CONFLUX SYSTEMS is Hiring a Lead Statistical Programmer with R & SAS Expertise Near Bridgewater, NJ
DescriptionYou will provide technical expertise as an experienced R programmer, developing process methodologies to meet the needs of internal and external clients. This role involves planning and coordinating the development of integrated programming solutions that address a full spectrum of statistical programming needs. You will also offer technical leadership and internal consulting services, including specifications and user needs analysis for complex projects or client requirements. Key Skills
Expertise in R programming and SAS Base, with good knowledge of SAS Graph and SAS Macros.
Ability to implement advanced statistical procedures as specified by biostatisticians.
Excellent knowledge of CDISC standards (SDTM and ADaM).
Thorough understanding of relational database components and theory.
Strong application development skills and understanding of clinical trial data.
Proficient in data manipulation, analysis, and reporting of analysis results.
Familiarity with ICH E6, ICH E3, ICH E8, ICH E9, and clinical research processes.
Minimum of 4 years of experience in Statistical Programming within the pharmaceutical or medical devices industry.
Strong verbal and written communication skills.
Ability to manage multiple projects while planning, organizing, and prioritizing activities.
Responsibilities
Perform all responsibilities associated with the Senior Programmer role.

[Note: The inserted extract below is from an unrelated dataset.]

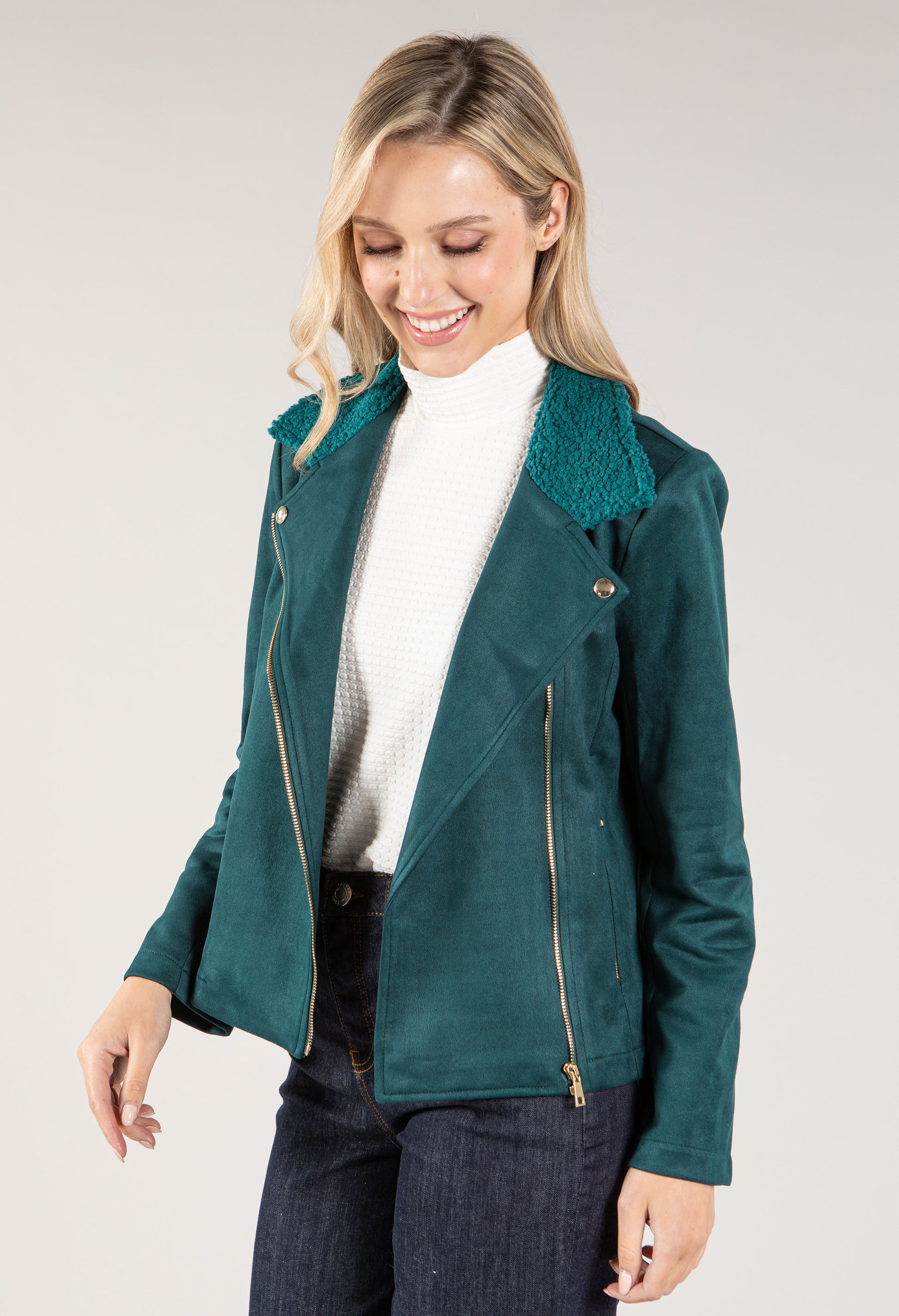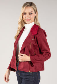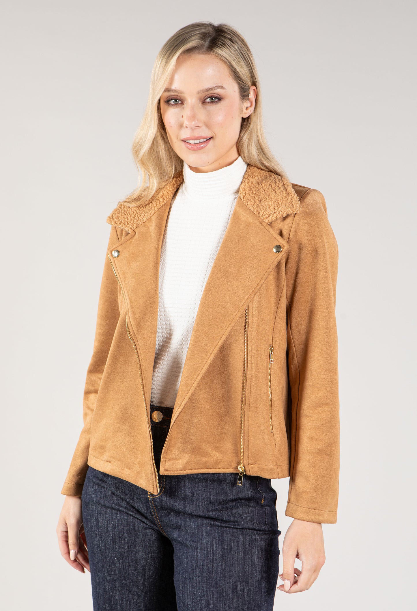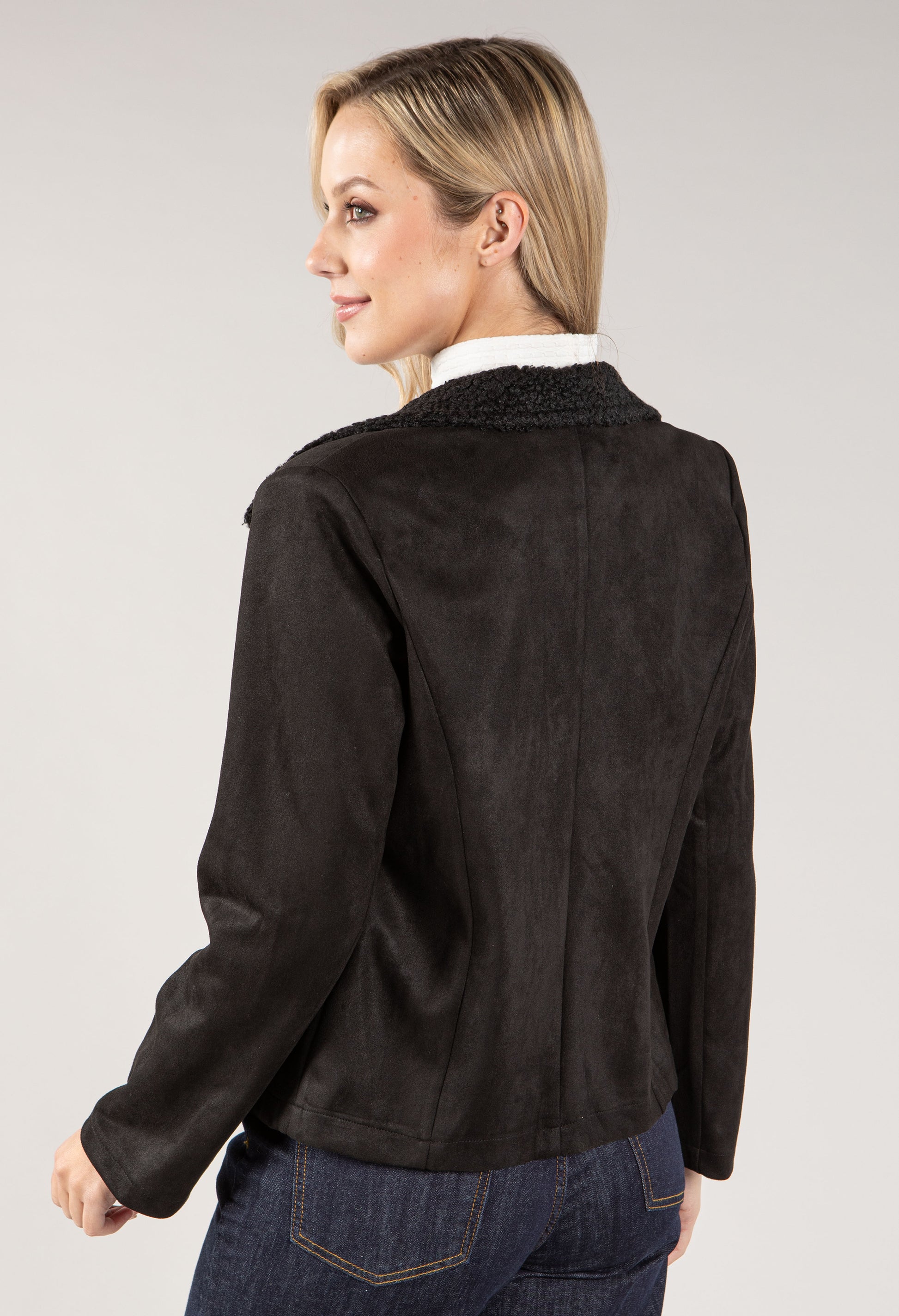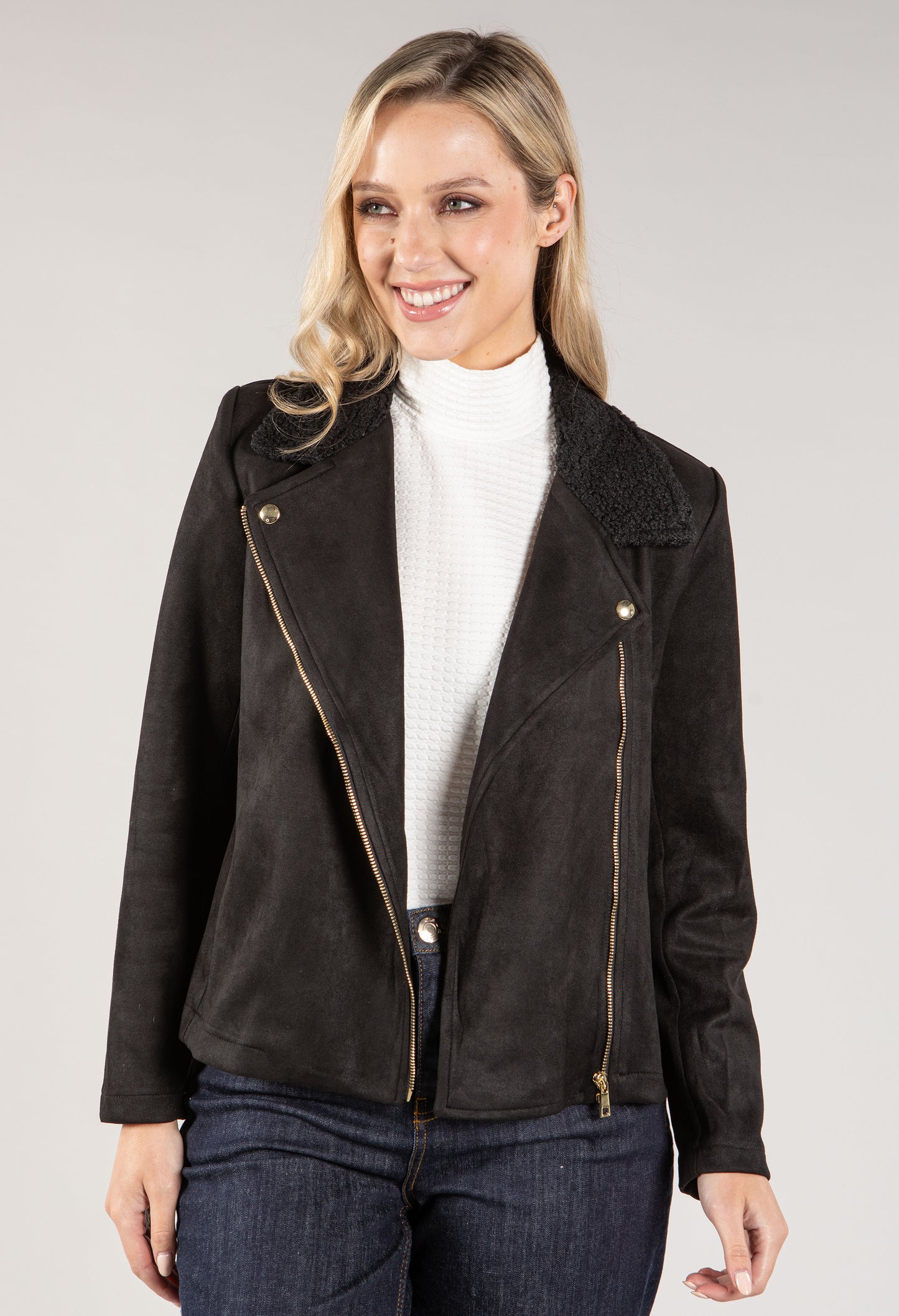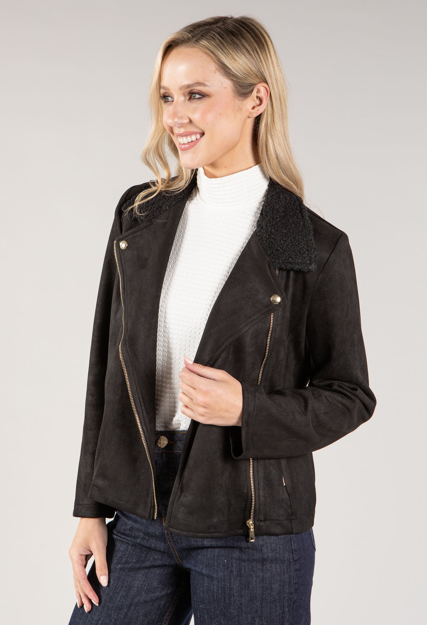 Sophie B Suedette Sherpa Collar Biker Jacket

Assist Sr. Programmers and Programmers in their daily activities.
Act as an escalation point for Sr. Programmers and Programmers.

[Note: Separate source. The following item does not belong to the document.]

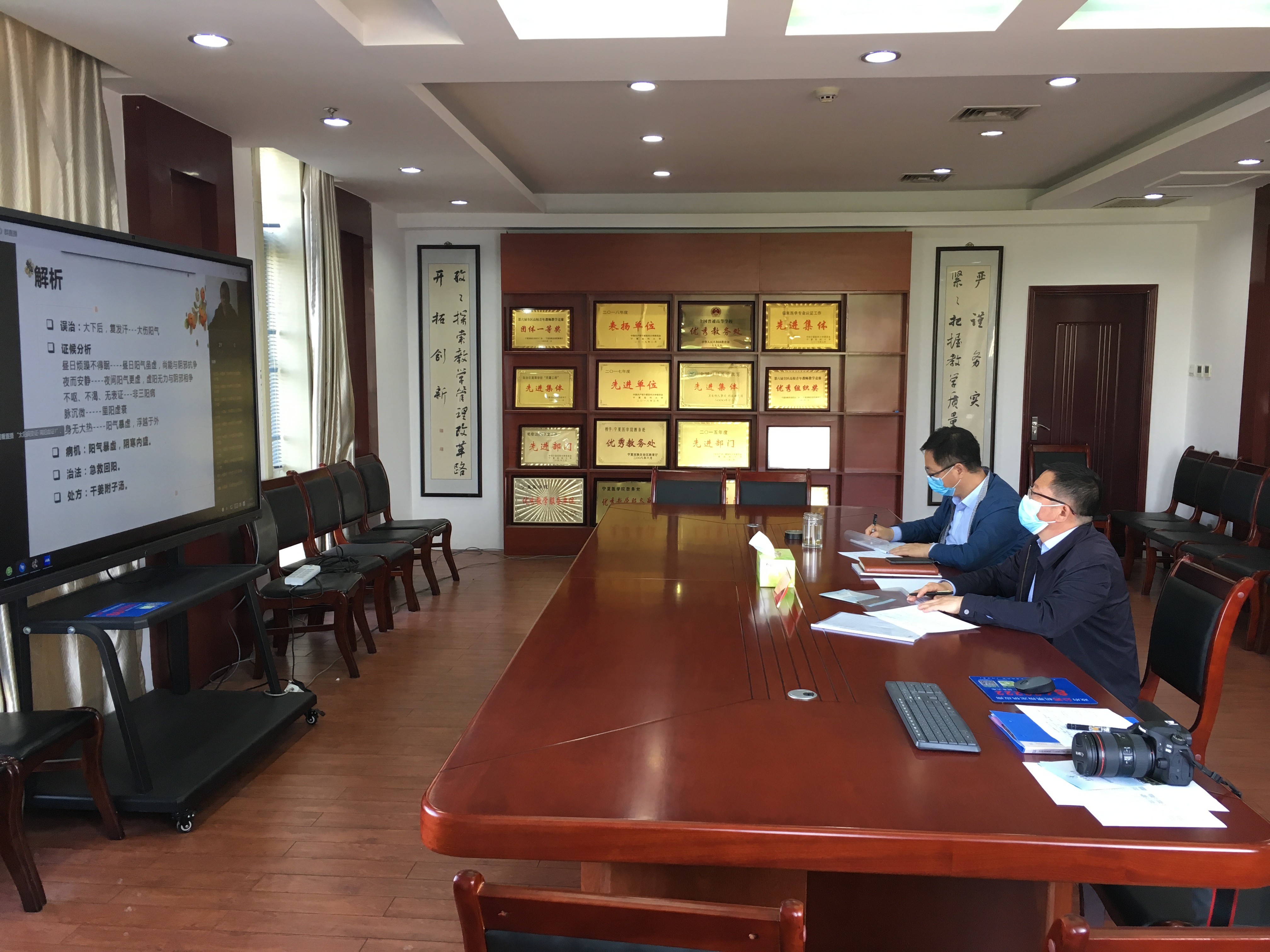 牛阳首先通过学校在线学习平台督导模块,查看了中医学院平台建课及使用情况。随后进入中医学院徐建虎老师讲授的《伤寒论》、郭建红老师讲授的《推拿功法学》、唐利龙老师讲授的《中医诊断学》及张皞珺老师讲授的《金匮要略》等线上直播课程,与同学们共听网课。

Communicate regularly with sponsors regarding programming progress and proactively address issues.
Provide input and/or write programming specifications.
Serve as a subject matter expert on all aspects of SAS programming.
Understand pharmaceutical industry standards and trends, proactively planning and implementing solutions.
Develop consistent practices for clinical and statistical review of outputs and mentor programming staff.
Check for consistency across therapeutic areas.
Identify, plan, and oversee the implementation of process improvement initiatives.
Maintain expertise in SAS Macros and determine macro development priorities.
Undertake other responsibilities as defined by senior management on an ad-hoc basis.
Required Knowledge, Skills, & Abilities
Experience as a technical team lead, engaging clients and coordinating tasks within a programming team.
In-depth knowledge of clinical research regulatory requirements, including Good Clinical Practice (GCP) and ICH guidelines.
Knowledge of statistics, programming, and the clinical drug development process.
Advanced knowledge of R programming and SAS tools (SAS/BASE, SAS/MACRO, SAS/STAT, SAS/GRAPH, SAS/ACCESS, SAS/ODS, SAS/SQL).
Experience with SDTM and ADaM implementation according to CDISC Standards.
Strong organizational, interpersonal, leadership, and communication skills.
Ability to independently manage multiple tasks and projects, and delegate work effectively.
Excellent attention to detail and problem-solving skills.
Ability to lead teams and projects at a group level, recognizing when negotiation skills are needed.
Ability to establish and maintain effective working relationships with co-workers, managers, and clients.
Required Education & Experience
Bachelor’s degree required, preferably in science or mathematics-related fields.
Minimum of 3 years of experience in Statistical Programming within the pharmaceutical or medical devices industry.